Звонок был неожиданным: буквально неделю назад Горький виделся со Сталиным в Кремле, разговаривал с ним о проблемах советской литературы, о привлечении писателей к пропаганде передового технического опыта, достижений науки и социалистического строительства, романтизации службы в Красной армии, особенно в авиации и на флоте. Правда, Алексей Максимович был против того, чтобы каким-то образом навязывать писателям эти темы, когда почти каждый из них темы выбирает по склонности души или, лучше сказать, своего таланта. Однако есть много маленьких и средненьких писателей, которые не наделены особым воображением и будут рады любой предложенной теме. Беда лишь в том, что если дать таким писателям слишком большие привилегии, вся литература сместится в сторону служения власти, выродится и опошлится.
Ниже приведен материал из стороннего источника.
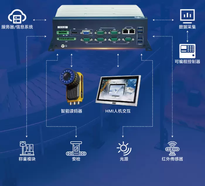 研祥智能M60A工控机在物流行业的应用主要包括智能仓储、智能分拣拣选、智能搬运输送等环节。它主要实现数据采集与控制、数据运算等功能,并结合深度学习算法技术,精准识别分离堆叠包裹、货物重量体积收集,实现边缘融合、边缘高速检测应用,识别准确率能达到99.9%以上。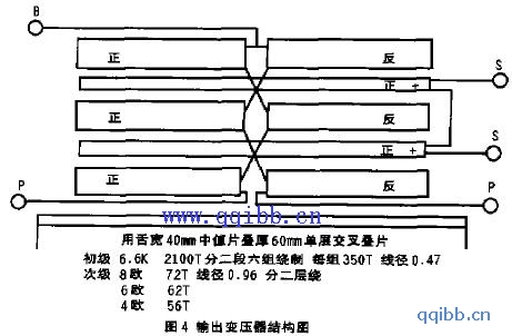 输出变压器是一部胆机制作成败的关键,本机采用优质铁芯和无氧铜线自行绕制。绕制方法比较复杂。初级与次级相互隔开,初级分为三层六组,一边正绕.一边反绕。次级以同样的方法绕制夹在初级各层之中。圈与圈之间留有间隙,不能密绕,可以得良好的高频响应。注意各绕组的抽头不要搞混。绕完后插入铁芯,在次级接上6v左右的交流电,然后连接初级的各绕组抽头,注意每连接一组测得的电压应增高,如果降低就是连接反相了,应调换过来, 直到叠加电压最高为准(同相连接)。只要精心仔细,按图操作,成功率极高;比某些徒有虚名的成品输出牛好得多。铁芯尺寸取大些,中低频好,但漏磁,漏感、分布电容都大, 高频频响下降。铁芯取小些,中高频不错,但中低频差些, 声音薄。关于铁芯的材质业界也有争论,现在市场上的成品输出变压器基本都采用了高值有取向芯片,体积小,铜耗低,可以减小分布电容、电感,能够得到良好的高频响应。而采用经典的中值硅钢片,在相同参数下,声音更温暖丰厚,胆味更浓郁。笔者经过无数次实验, 取4×6中值硅钢片钱芯按图精心绕制,取得了良好频响,听感上也极靓声(在本机的实际制作时.采用了两只275W电子菅广播机的输出变压器的铁芯改造绕制)。

Горький на той встрече со Сталиным об этих своих опасениях ничего не сказал, понимая, что Сталин печется не столько о литературе, как таковой, сколько о государстве, а о литературе — лишь как о составной части государственного дела, и что личные опасения писателя здесь неуместны.
Впрочем, и сам Горький когда-то пекся о государстве… вернее сказать, о душевном здоровье народа, составляющего основу государства, пекся больше, чем об отдельных, даже очень талантливых личностях, с особенной яростью нападая на индивидуализм и введение в храм русской литературы воинственной мещанской пошлости. Беда в том, что так называемые государственные интересы Сталина способны возродить эту мещанскую пошлость под новым флагом, ибо нет ничего более живучего, чем пошлость, и нет большего соблазна для маленьких писателей, чем утверждение пошлости в ранге высокой художественности.
— Я понимаю, Алексей Максимович, — слышался в трубке глуховатый голос Сталина, — что вы настроились на отдых. Я сам настроился на отдых. Есть, однако, вещи, которые требуют своего завершения независимо от наших настроений.
— Мне приехать в Кремль, Иосиф Виссарионович? — спросил Горький, рассчитывая, что одной встречи со Сталиным будет предостаточно и ему не придется откладывать свой отъезд, но Сталин, помолчав, будто раздумывая, предложил встретиться у Горького дома.